◆ AVAILABLE DATA:
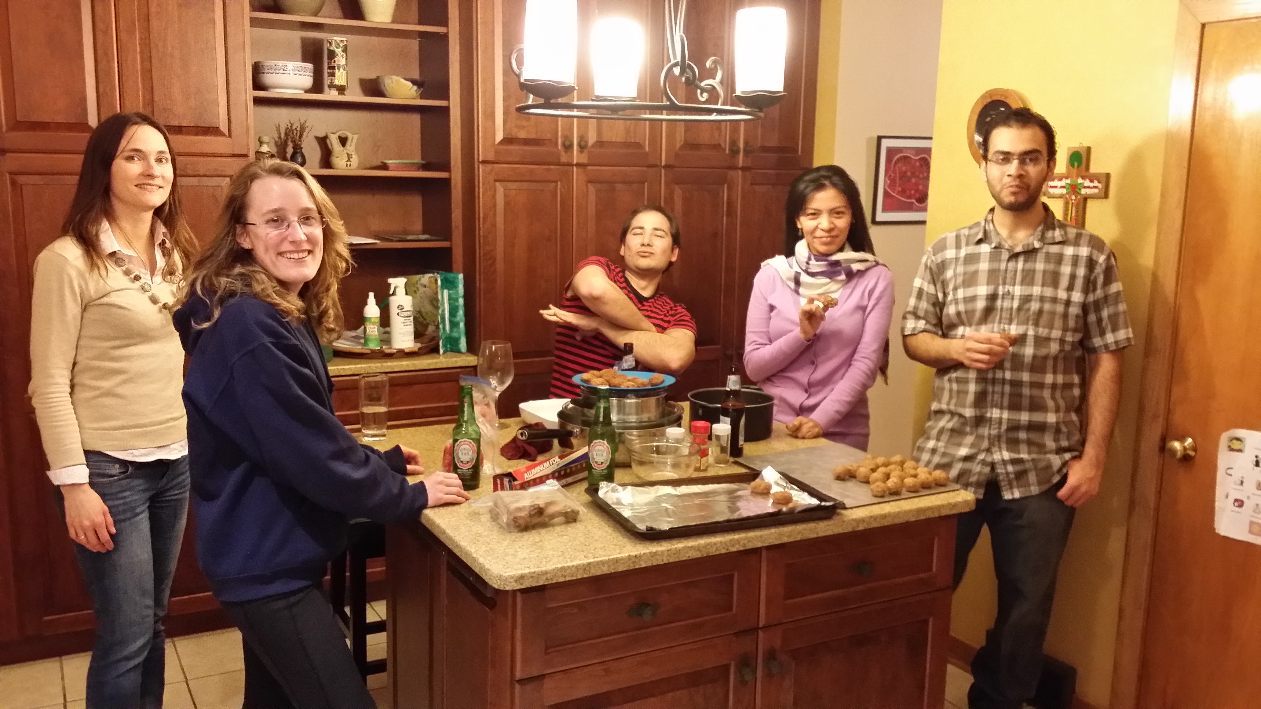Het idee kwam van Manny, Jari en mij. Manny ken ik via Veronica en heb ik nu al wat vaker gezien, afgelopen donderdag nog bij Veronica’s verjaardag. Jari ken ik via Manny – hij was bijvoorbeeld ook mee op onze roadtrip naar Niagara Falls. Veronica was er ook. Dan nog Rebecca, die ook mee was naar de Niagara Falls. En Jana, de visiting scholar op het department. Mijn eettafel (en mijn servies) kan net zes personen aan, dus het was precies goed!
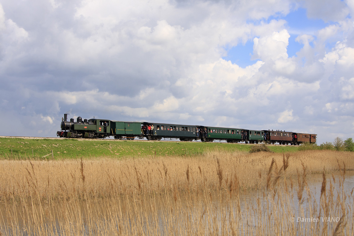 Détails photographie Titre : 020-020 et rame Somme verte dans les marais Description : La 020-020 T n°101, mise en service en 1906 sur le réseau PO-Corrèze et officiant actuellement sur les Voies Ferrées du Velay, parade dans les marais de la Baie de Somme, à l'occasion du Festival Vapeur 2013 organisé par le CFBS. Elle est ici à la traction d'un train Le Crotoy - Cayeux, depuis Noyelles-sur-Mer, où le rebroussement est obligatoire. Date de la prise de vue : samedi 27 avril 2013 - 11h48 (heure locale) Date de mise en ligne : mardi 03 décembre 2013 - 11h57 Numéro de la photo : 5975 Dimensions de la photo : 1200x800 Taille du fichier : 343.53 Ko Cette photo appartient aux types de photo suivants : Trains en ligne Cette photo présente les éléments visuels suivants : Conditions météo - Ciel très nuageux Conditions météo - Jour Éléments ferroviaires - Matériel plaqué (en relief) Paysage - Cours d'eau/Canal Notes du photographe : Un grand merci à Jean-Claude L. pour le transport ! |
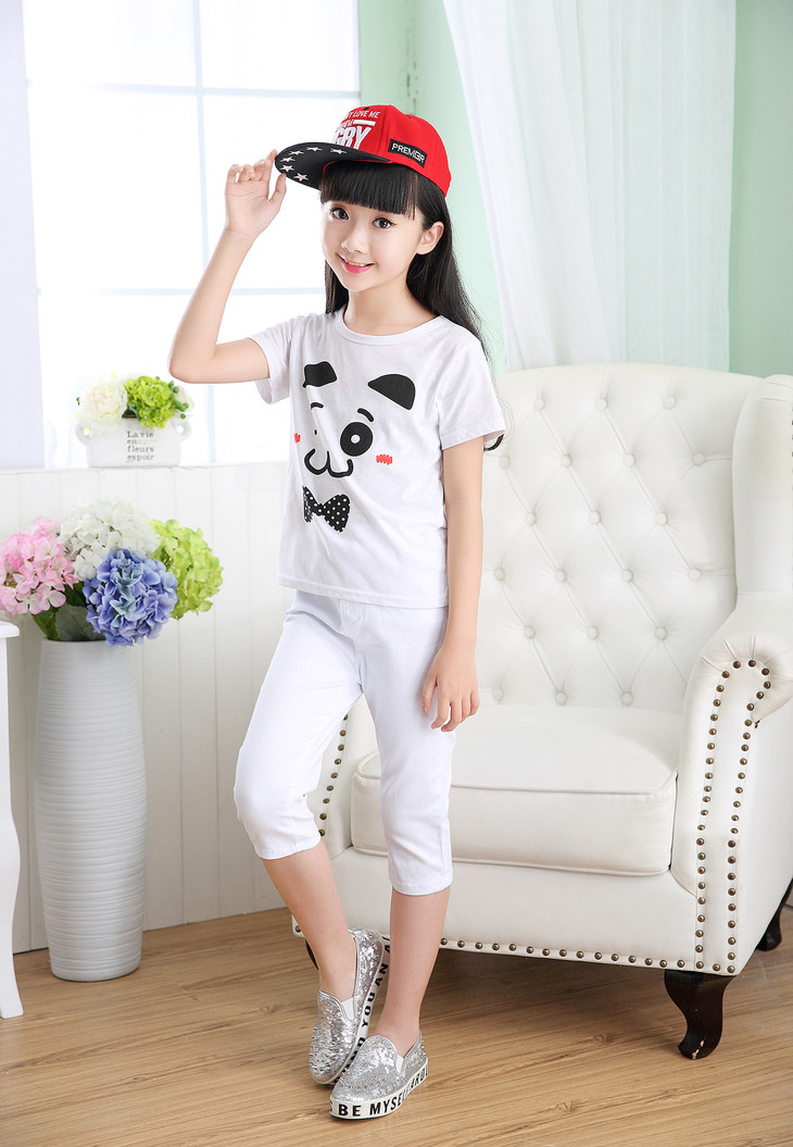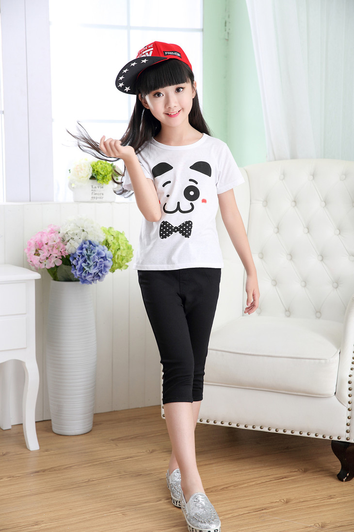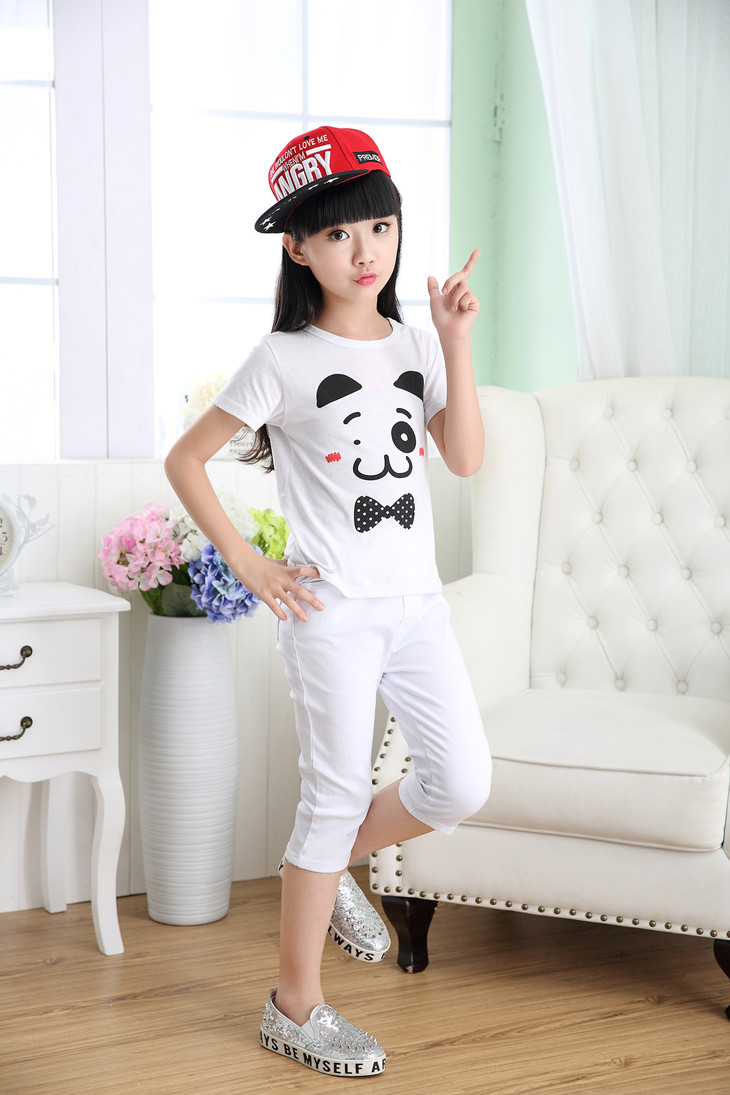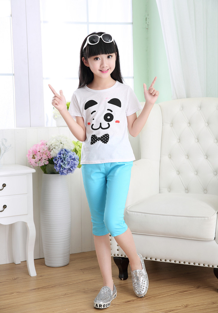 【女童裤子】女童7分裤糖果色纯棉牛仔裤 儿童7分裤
---
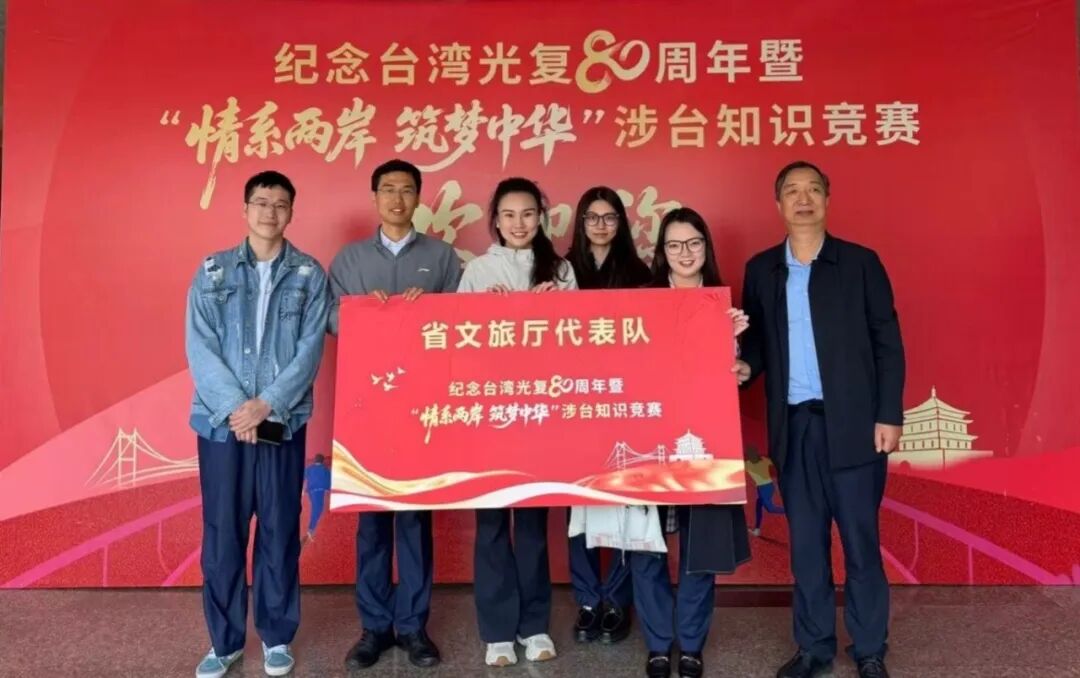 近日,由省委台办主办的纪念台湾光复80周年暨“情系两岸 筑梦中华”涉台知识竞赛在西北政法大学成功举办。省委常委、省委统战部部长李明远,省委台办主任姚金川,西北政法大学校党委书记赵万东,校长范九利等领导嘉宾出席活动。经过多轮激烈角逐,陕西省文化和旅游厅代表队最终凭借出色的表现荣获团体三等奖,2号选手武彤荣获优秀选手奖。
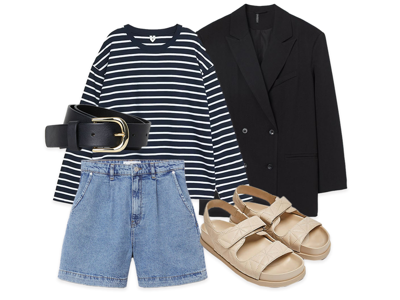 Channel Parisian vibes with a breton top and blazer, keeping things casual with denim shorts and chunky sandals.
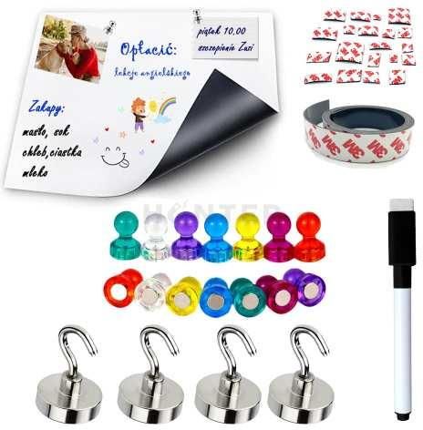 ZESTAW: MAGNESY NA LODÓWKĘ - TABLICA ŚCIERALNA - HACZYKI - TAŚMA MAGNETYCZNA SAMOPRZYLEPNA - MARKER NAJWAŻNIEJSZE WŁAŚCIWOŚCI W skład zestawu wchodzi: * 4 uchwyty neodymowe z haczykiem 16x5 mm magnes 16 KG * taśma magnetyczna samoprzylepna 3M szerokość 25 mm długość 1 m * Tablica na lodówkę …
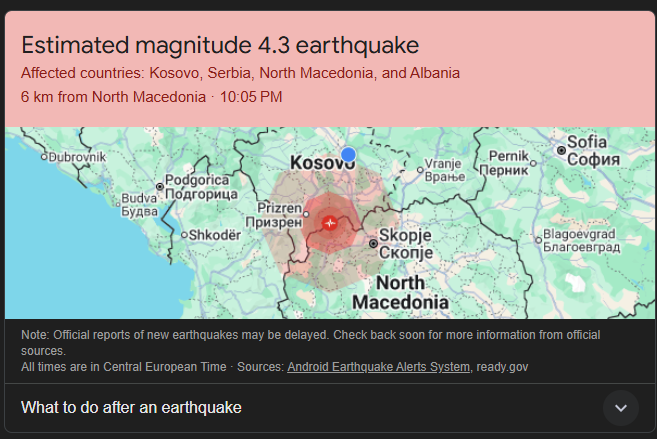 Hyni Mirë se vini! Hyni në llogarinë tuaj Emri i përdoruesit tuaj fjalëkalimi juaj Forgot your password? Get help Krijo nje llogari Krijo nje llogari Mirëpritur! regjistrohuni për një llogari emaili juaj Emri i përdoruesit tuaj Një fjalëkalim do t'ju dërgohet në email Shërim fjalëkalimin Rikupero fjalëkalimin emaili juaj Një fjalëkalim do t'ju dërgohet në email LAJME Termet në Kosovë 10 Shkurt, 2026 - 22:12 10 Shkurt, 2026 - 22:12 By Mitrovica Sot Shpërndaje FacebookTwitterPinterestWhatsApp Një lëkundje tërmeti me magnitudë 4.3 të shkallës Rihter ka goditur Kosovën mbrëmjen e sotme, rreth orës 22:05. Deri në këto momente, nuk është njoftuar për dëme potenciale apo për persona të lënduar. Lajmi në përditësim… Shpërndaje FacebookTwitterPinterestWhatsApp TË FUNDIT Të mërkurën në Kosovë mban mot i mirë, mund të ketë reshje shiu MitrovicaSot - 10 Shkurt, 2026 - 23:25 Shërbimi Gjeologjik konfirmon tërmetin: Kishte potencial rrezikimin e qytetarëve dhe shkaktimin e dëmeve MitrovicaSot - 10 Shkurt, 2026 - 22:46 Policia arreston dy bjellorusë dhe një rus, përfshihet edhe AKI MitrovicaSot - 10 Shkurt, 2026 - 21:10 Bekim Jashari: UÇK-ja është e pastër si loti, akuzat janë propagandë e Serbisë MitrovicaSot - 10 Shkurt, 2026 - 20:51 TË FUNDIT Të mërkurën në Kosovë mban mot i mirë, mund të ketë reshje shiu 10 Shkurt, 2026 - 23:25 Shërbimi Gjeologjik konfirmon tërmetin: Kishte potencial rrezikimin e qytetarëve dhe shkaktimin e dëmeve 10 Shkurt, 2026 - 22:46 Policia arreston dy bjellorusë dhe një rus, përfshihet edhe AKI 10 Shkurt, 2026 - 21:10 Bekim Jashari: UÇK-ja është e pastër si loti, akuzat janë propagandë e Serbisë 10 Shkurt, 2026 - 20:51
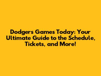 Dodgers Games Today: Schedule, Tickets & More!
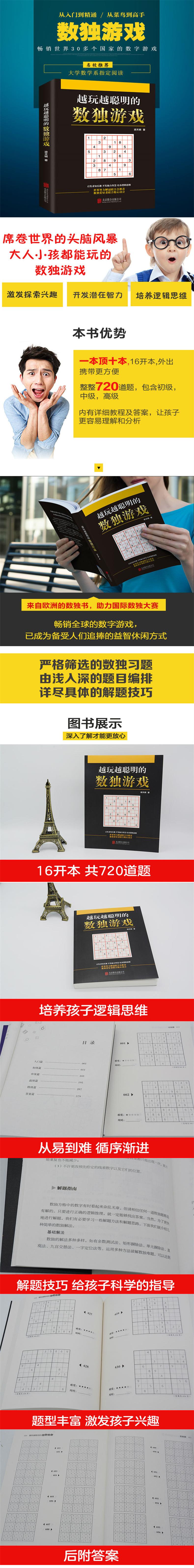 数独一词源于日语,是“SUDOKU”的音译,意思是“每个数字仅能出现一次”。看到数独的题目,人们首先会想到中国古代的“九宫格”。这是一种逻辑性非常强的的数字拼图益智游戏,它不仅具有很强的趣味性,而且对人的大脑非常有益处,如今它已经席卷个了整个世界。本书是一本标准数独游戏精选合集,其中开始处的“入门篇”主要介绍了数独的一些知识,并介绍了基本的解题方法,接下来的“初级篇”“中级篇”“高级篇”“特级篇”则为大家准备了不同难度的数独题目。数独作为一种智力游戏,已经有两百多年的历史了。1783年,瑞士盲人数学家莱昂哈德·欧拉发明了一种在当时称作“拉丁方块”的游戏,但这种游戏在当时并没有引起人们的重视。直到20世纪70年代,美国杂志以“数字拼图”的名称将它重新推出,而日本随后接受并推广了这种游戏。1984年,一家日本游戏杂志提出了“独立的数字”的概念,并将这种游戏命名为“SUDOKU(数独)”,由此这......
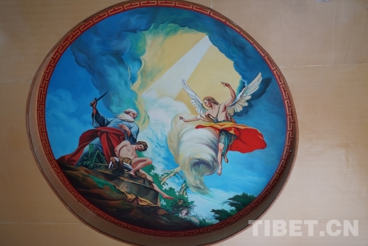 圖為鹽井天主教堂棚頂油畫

◆ WHAT YOU ARE ASKED TO DO: Only the lines starting at the one with "Channel Parisian vibes" and ending at the one with "ZESTAW: MAGNESY NA" should be printed, each exactly as it appears in the material above; the pictures are to be omitted.

◆ ANSWER TO THE EXERCISE:
 Channel Parisian vibes with a breton top and blazer, keeping things casual with denim shorts and chunky sandals.
 ZESTAW: MAGNESY NA LODÓWKĘ - TABLICA ŚCIERALNA - HACZYKI - TAŚMA MAGNETYCZNA SAMOPRZYLEPNA - MARKER NAJWAŻNIEJSZE WŁAŚCIWOŚCI W skład zestawu wchodzi: * 4 uchwyty neodymowe z haczykiem 16x5 mm magnes 16 KG * taśma magnetyczna samoprzylepna 3M szerokość 25 mm długość 1 m * Tablica na lodówkę …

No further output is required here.